Greek, Roman and German myths pervaded the German fairy tales and were often clothed in Christian symbolism. Alternatively, allusions from Christian culture were inserted into the folktales, and in some cases the relationship to the myths and allusions were made through breaking conventions. The adaptors into Hebrew during the age of national revival replaced Christian myths and symbolism with Jewish symbolism, which, in many cases, was connected with the status of the persecuted, the Jewish experience as victim in Europe, the process of Jewish national renaissance and redemption.

The a priori decision by the adaptors to spare the Jewish reader from the encounter with pagan or Christian figures led to attempts to find Jewish alternatives taken from Jewish sources at any price, even if the figures they found in Jewish culture were not exact parallels. To this end, they were willing to replace feminine protagonists with males, thus changing the essential conflict in the tale, resulting in a forced translation in many cases.

For example, Frishman transposes Maria, mother of Christ, in the story “Mary's Child”, with the prophet Elijah[8]. At the core of the tale in the proto-text stands the description of a mother-daughter conflict[9]. This is less fitting for a relationship between a father or godfather and his daughter, and the translation seems forced. But the choice is no accident, since in Jewish heritage Elijah symbolizes the forerunner to the Messiah, and the redemption of the Jewish people from the diaspora.

 

The adaptors considered it important point to avoid having their readers encounter details of current Christian practice and customs, and exhibit conformism more on this issue than as regards basic conceptions that differentiate Christianity from Judaism. Therefore, the church or the pig either did not appear in the Hebrew texts, but they did not change a scene in which spreading blood on a statue brings redemption,(KHM6) nor did they change the theme that confession itself leads to absolution from all sins (KHM3). Customs of daily life were perceived as stronger and more important to the society, and were preferred over beliefs and opinions.

For example, in the story of Snow White, when the stepmother eats the liver and lungs of a wild boar, the translation states that what she dined on was the liver and lung of a deer (Berman Solomon 1897)[10]. The implication of the change is that instead of the stepmother possessing the spirit of a monstrous wild boar, she receives the spirit of a pure animal, and the translation here is forced.

When European flora and fauna appear in the proto-text, which do not appear in Scripture, rather than use the scientific Latin name or the German original, the adaptors replaced these elements with plants or animals native to Eretz Yisrael or mentioned in Jewish sources. Sometimes the adaptors did not necessarily use the nearest parallels, but searched for an association between the object of the exchange and a Jewish cultural element associated with the theme of the story. Thus, the replacement drew attention to other emphases in the tale. In other cases, there was not necessarily any association at all between the European flora and fauna and the Biblical replacement, nor was there any plant or animal from Jewish culture with thematic parallels in the tale, thus demonstrating that the a priori decision on the literary adaptation was more important than the artistic precision of a literary translation.

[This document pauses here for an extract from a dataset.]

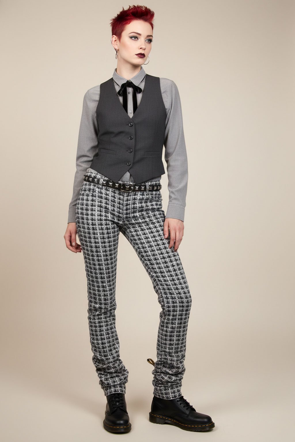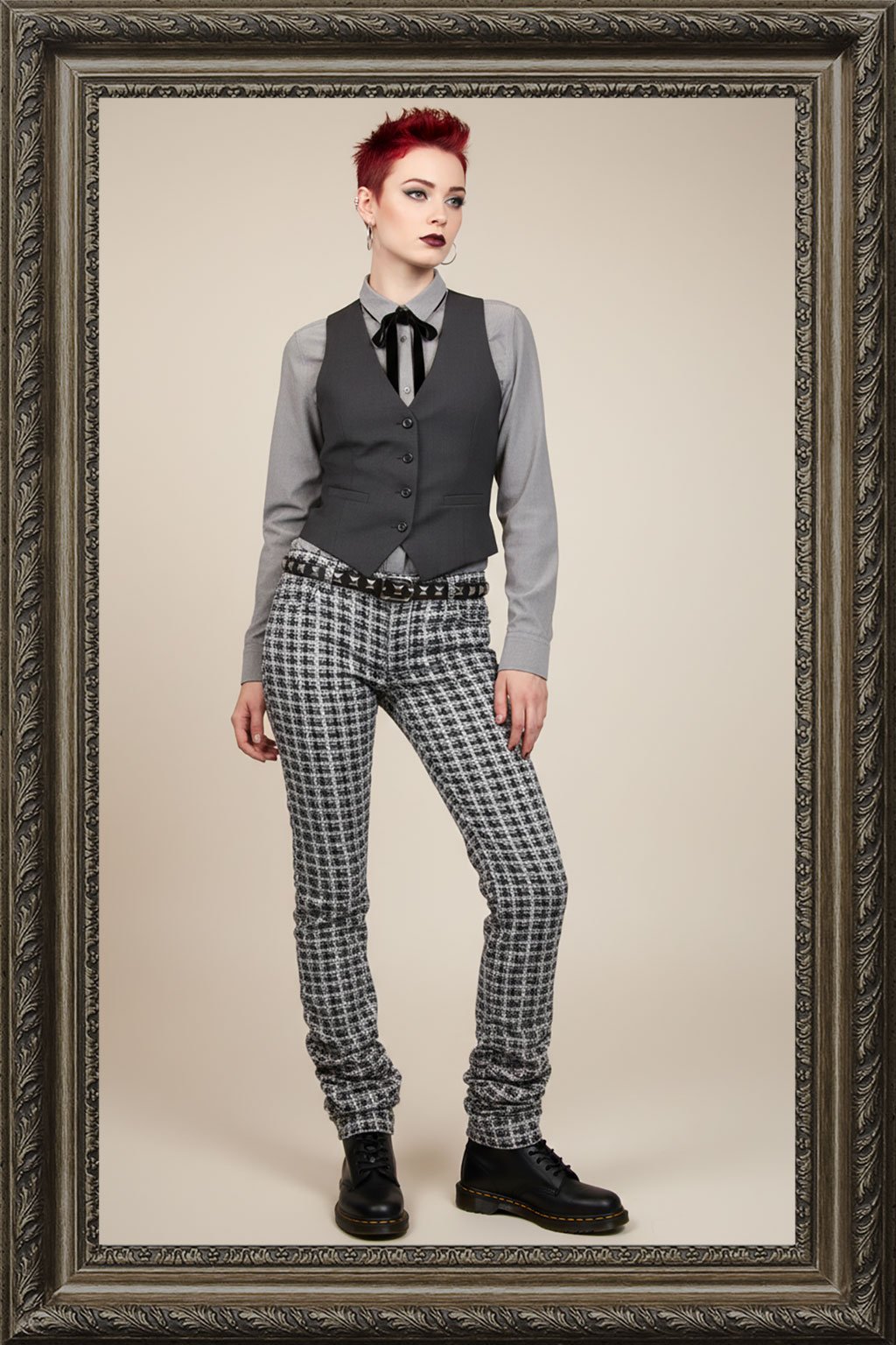 Šedé kostkované kalhoty s řasenými nohavicemi ve velikosti 40. Vyrobený je pouze jeden kus. Bokové kalhoty z mírně elastického příjemného materiálu. Zapínají se ve středu předního dílu. Na předním díle jsou kapsy. Zadní díl má sedlo. Nohavice jsou mírně rozšířené.

For example, in the story of the Frog King, the Linden tree that grew near the well in the forest is replaced by Frishman by an oak tree[11], since the Linden does not appear In the bible, nor does it grow in Israel. The Linden is considered the tree of love  (perhaps because of its heart shaped leaves), it symbolizes grace and was the national symbol of Prussia. In contrast, the oak symbolizes justice. When the princess is seated under the linden tree, its significance for her is of married life from the perspective of romantic love alone. Replacing the linden with oak cancels that symbolism.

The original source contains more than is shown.